Print the listing below only from the line that has "Watch a video" through the line that has "maços de cigarros", exactly, and drop any picture.

====== Source data ======

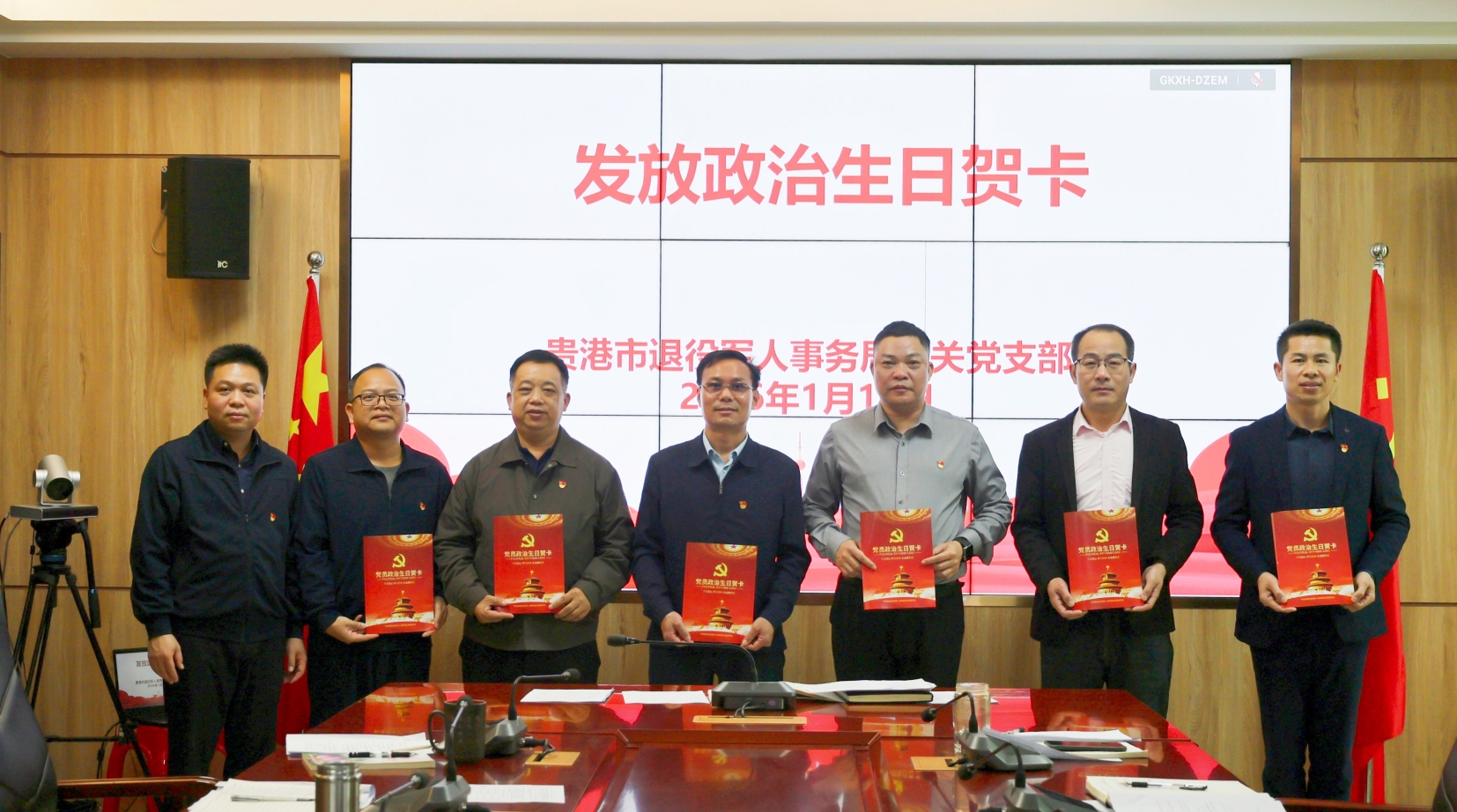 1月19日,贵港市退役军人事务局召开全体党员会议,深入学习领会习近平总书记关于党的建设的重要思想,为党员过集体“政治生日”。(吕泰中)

======
====== Source data ======

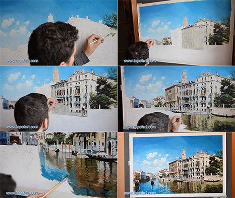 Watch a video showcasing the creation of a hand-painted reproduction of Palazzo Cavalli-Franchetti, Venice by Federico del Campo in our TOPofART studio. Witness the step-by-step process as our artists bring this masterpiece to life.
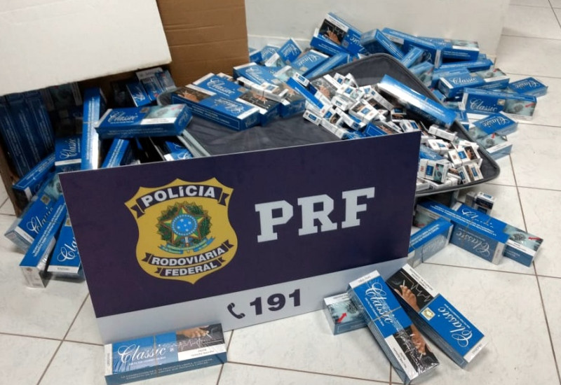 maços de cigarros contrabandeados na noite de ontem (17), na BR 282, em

======

* **Completed task**:
 Watch a video showcasing the creation of a hand-painted reproduction of Palazzo Cavalli-Franchetti, Venice by Federico del Campo in our TOPofART studio. Witness the step-by-step process as our artists bring this masterpiece to life.
 maços de cigarros contrabandeados na noite de ontem (17), na BR 282, em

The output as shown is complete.